International career
- Trinidad and Tabogo

= Keith Aqui =

Trinidad and Tobago footballer

Keith Aqui was a Trinidad association football forward who played professionally in the American Soccer League and the North American Soccer League. He earned an unknown number of caps with the Trinidad and Tobago national football team.

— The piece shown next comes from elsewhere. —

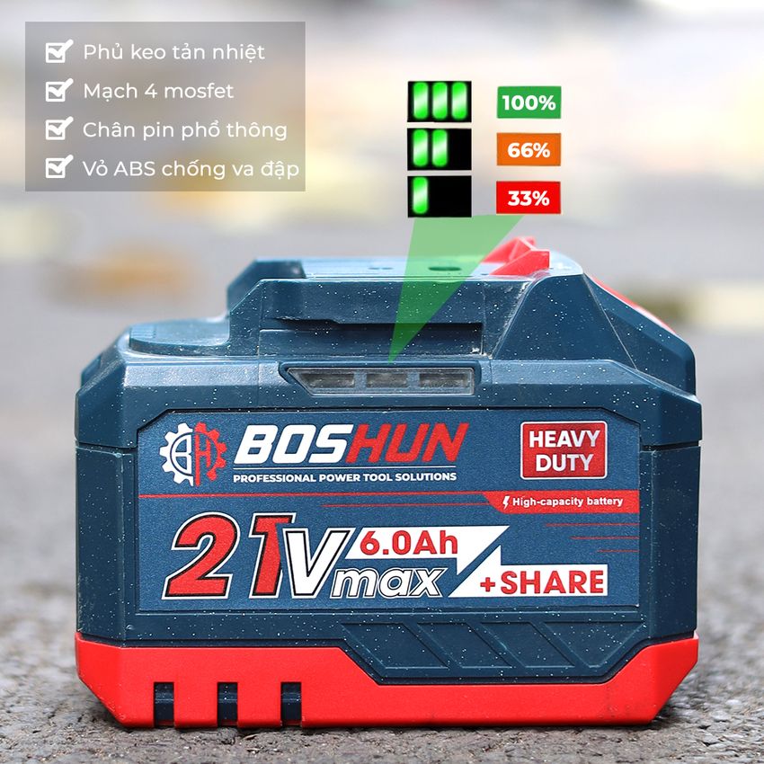 Pin 15cell dung lượng lớn dùng liên tục trong 4-5h, sạc nhanh 2A trong 1h

From 1965 to 1967, Aqui attended Mausica Teachers College in Trinidad. He then entered Howard University, where he played on the men’s soccer team from 1970 to 1972. He was a 1970 second team All American and a 1971 first team All American. In 1971, Aqui and his teammates won the NCAA Men's Soccer Championship. He was inducted into the Howard University Athletic Hall of Fame in 1996. Aqui became a central part of a Howard University lawsuit against the NCAA when the NCAA declared him retroactively ineligible after the 1971 college soccer season based on his attendance at Mausica. As a result, the NCAA voided Howard’s 1971 NCAA championship. Howard sued the NCAA, but the United States Court of Appeals, District of Columbia Circuit ruled in favor of the NCAA.

In February 1973, the Dallas Tornado selected Aqui in the first round (sixth overall) of the North American Soccer League draft. The Tornado released him in the pre-season and he joined the Baltimore Bays of the American Soccer League. In 1974, Aqui signed with the Baltimore Comets of the North American Soccer League. In 1976, the Comets moved to San Diego where the team was renamed the San Diego Jaws. Aqui played an unknown number of games with the Trinidad and Tobago national football team during the 1970s.

Later in life, he became an attorney with the U.S. Department of Treasury. He died on November 11, 2016, survived by his wife and three children.